Add Whole History Rating to Leaderboard? #3004

endolith · 2024-02-02T18:55:35Z

For the API-based models, there are frequent claims online that users see models getting worse over time. It would be good to know if that's true. Copying a comment of mine from HF:

I know there are a bunch of Elo variants, but never learned the exact differences. Here is one summary:

To make a long story super short, Elo is the grandfather of most like systems. It has been around for ages and is super simple. Elo doesn’t care about inactivity or inconsistencies. The process starts from day 1 and moves chronologically throughout time, every competitor starts with a starter rating, which is then modified with each result. Glicko-1 is a very similar system to Elo, except it has the concept of “rating deviation” which allows competitors’ ratings to deviate more or less, given when they fought last.
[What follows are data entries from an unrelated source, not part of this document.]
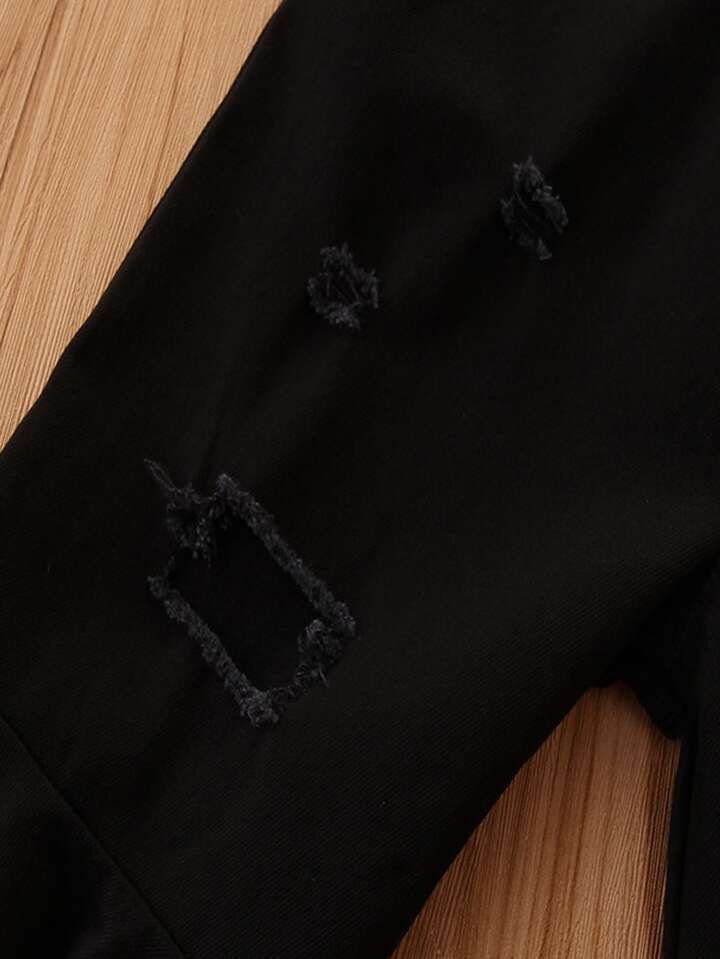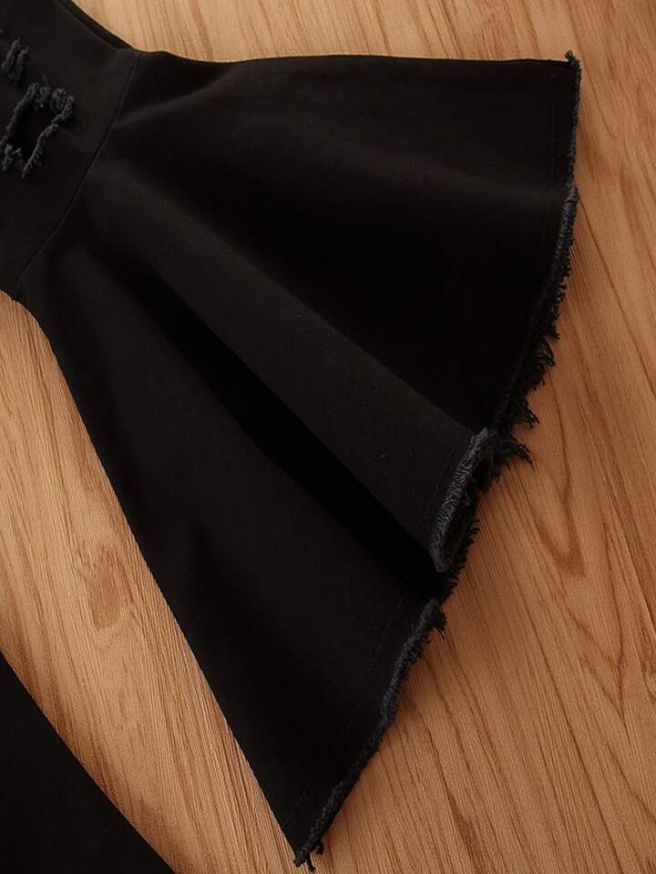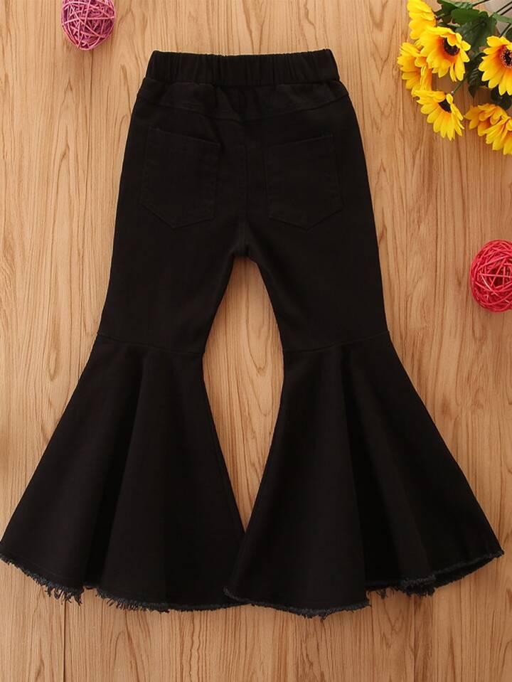 بنطلون جينز بساق واسع من الاسفل بحافة مسطح مضلع للبنات الصغار
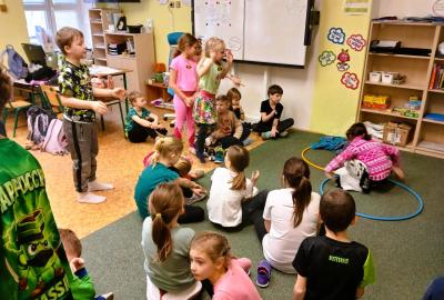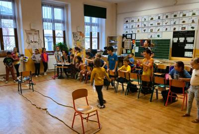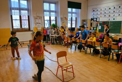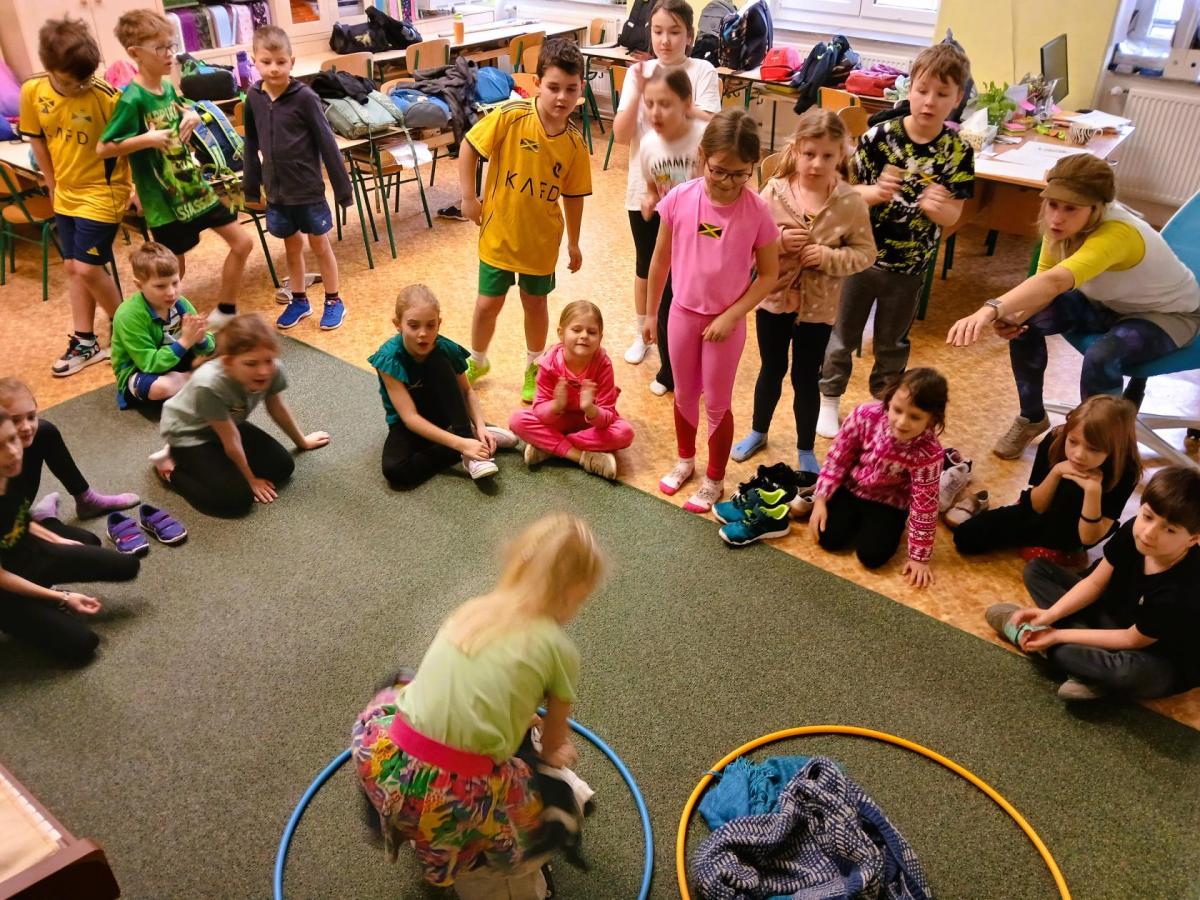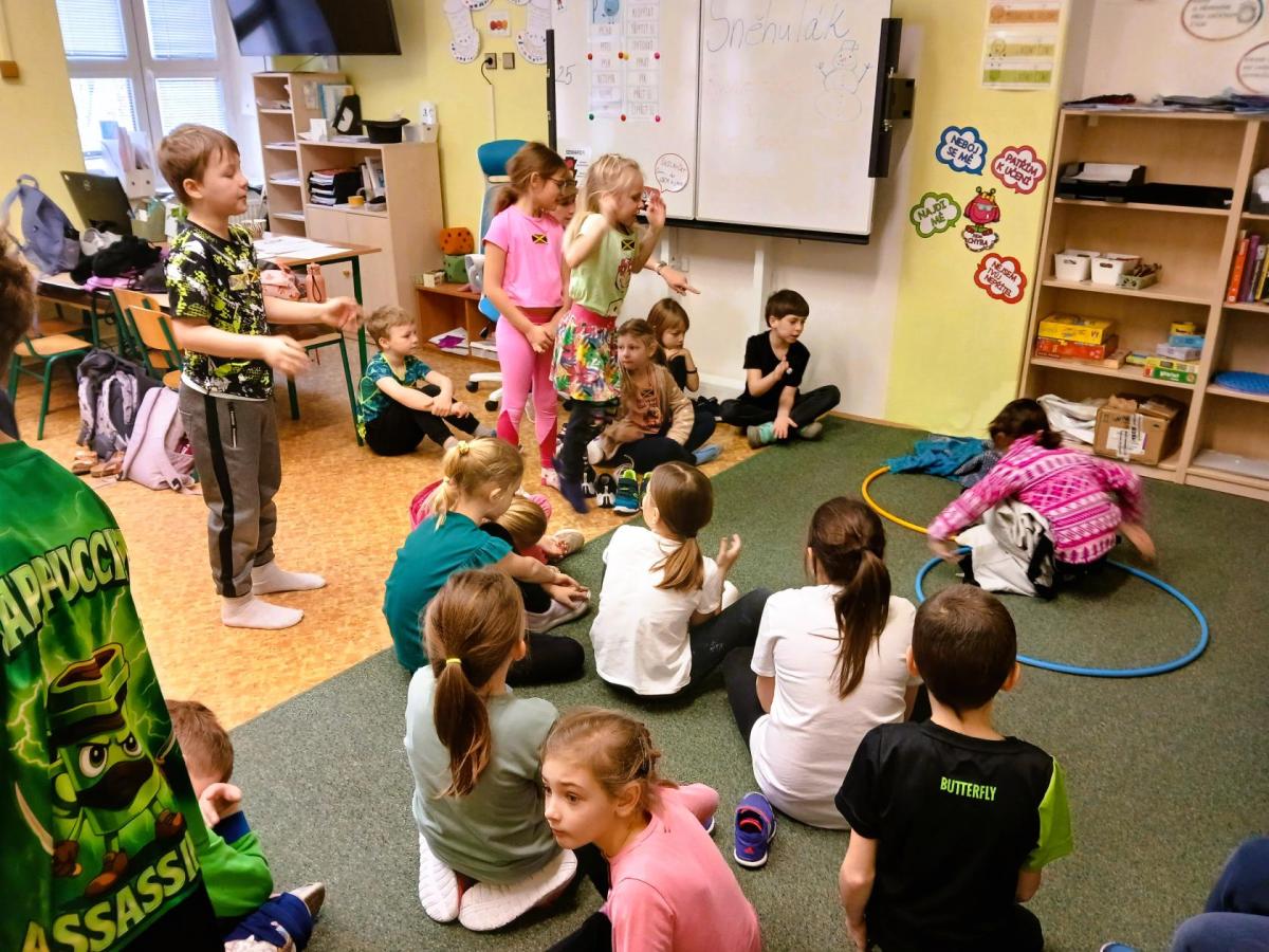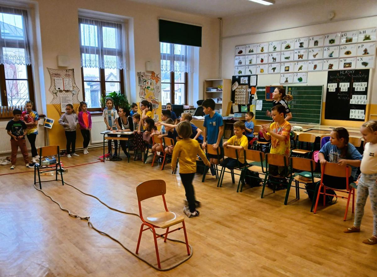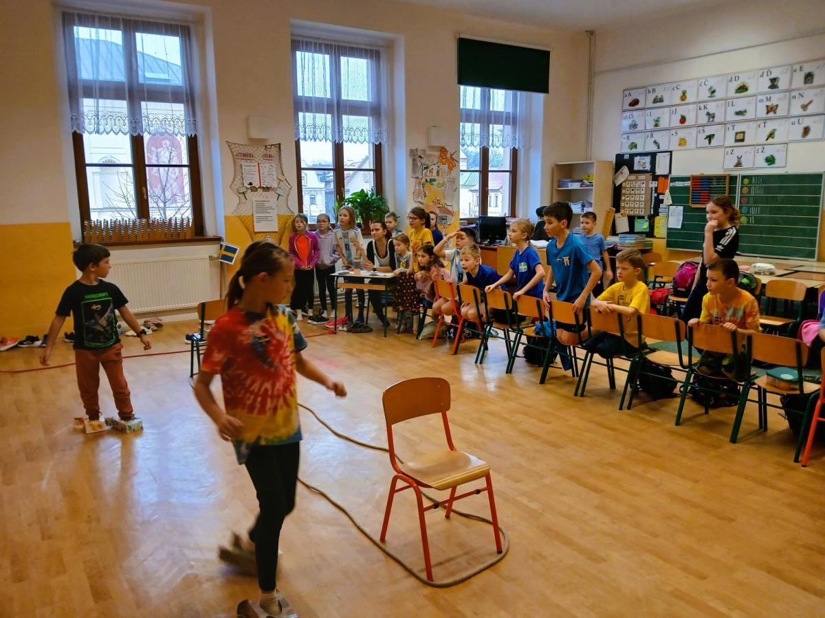 Děti soutěžily v namíchaných družstvech napříč ročníky, což se ukázalo jako skvělé rozhodnutí. Bylo radost sledovat, jak starší žáci přirozeně pomáhali mladším, povzbuzovali je a táhli celý tým kupředu.
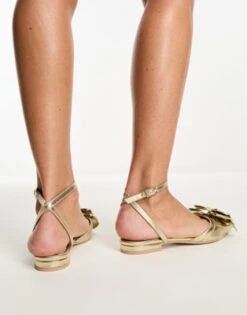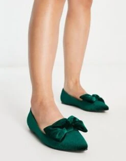 ASOS DESIGN Wide Fit – Lake – Ballerine A Pianta Larga A Punta Con Fiocco In Velluto Verde
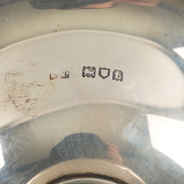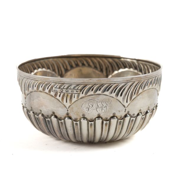 Each bonbon dish raised on a circular foot, diameter 12.6cm, London 1914, the bowl with embossed fluted decoration, monogram engraved, diameter 10.8cm, Birmingham 1887, combined weight 314 grams
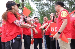 本次活动设置15支参赛队伍,每支队伍10人。经过一轮热身运动和规则讲解后,以诺通讯党支部拟定“以我之力,扬帆起航;许你之诺,筑梦远洋”的比赛口号,参赛队员们精神抖擞、干劲十足,奋力冲向各闯关点。各队队员通过相互合作都顺利完成了闯关任务,最后大家回到起点共同绘制建党100周年巨幅海报。通过本次活动,公司参赛党员不仅重温了中国共产党的光辉历程和红军长征的历史,更坚定了大家跟党走的决心和推动企业高质量发展的信心。
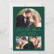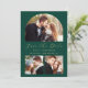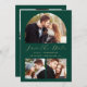 Este simples e minimalista Cartão Salvar a Data apresenta um arco de fotos personalizado acima das palavras "Salvar a Data" em um elegante roteiro de manuscrito dourado, seguido pelos nomes do casal, data do casamento e cidade em sans serif em um fundo verde esmeralda. Duas fotos quadradas menores aparecem na parte inferior do cartão. Adicione uma quarta foto horizontal e uma mensagem mais detalhada com informações adicionais no verso.

There is also a second version of Glicko, which tosses in a factor called volatility — it is a major complication with extremely limited benefit.

In comes WHR. Again, it is based on Elo, but is setup to take numerous passes throughout history. With each pass, it “learns” from what happened in surrounding events. This makes it an excellent system for reviewing the past and in trying to determine when a competitor was really at their peak. Whether it paints a more accurate ranking picture… who knows?

I know Glicko has a measure of uncertainty built-in, not sure how that compares to lmsys' bootstrap method.

Maybe WHR would be a better choice? I know WHR is used to track rock climber skill over time, for instance. From their own paper, they say:

Experiments demonstrate that, in comparison to Elo, Glicko, TrueSkill, and decayed-history algorithms, WHR produces better predictions.

WHR can show how models change in skill over time, and how confident we can be in the measurement:

infwinston · 2024-02-02T19:00:04Z

We publish Arena battle data with timestamp here at
https://colab.research.google.com/drive/1KdwokPjirkTmpO_P1WByFNFiqxWQquwH#scrollTo=o_CpbkGEbhrK

You can use a sliding window to plot model's rating over time. Could you contribute a PR?

endolith · 2024-02-09T05:18:35Z

So I tried this over the weekend and made some graphs, but the library doesn't handle ties, and doesn't seem to report uncertainty correctly, and I don't know how to decide what the w² value should be set to:

w is a parameter of the model, that indicates the variability of ratings in time. The extreme case of w = 0 would mean static ratings.

The Wiener process had a variance of w2 = 60 Elo2 per day.

Is there any reason why a pre-trained LLM model would change skill over time? Only thing I can think of is network outages or the like that cause people to vote down that model temporarily (which I am guilty of). But otherwise the model weights and inference implementation are always the same, right? ("In the context of LLM evaluation, models can be assumed to be static.") So I wonder if ideally there would be a way to mark certain models as having w = 0 and others (API calls or model with internet access, etc.) as having skill that could possibly change?

(Also I arbitrarily added 1000 to the results to make it look more like Elo ratings, but I don't know if that really makes them equivalent to Elo ratings.)

(I also want to try counting "both are bad" as a loss of both models against a "HumanEvaluator" model that would serve as a sort of benchmark for ideal LLM performance, but I need to figure out how to implement ties first.)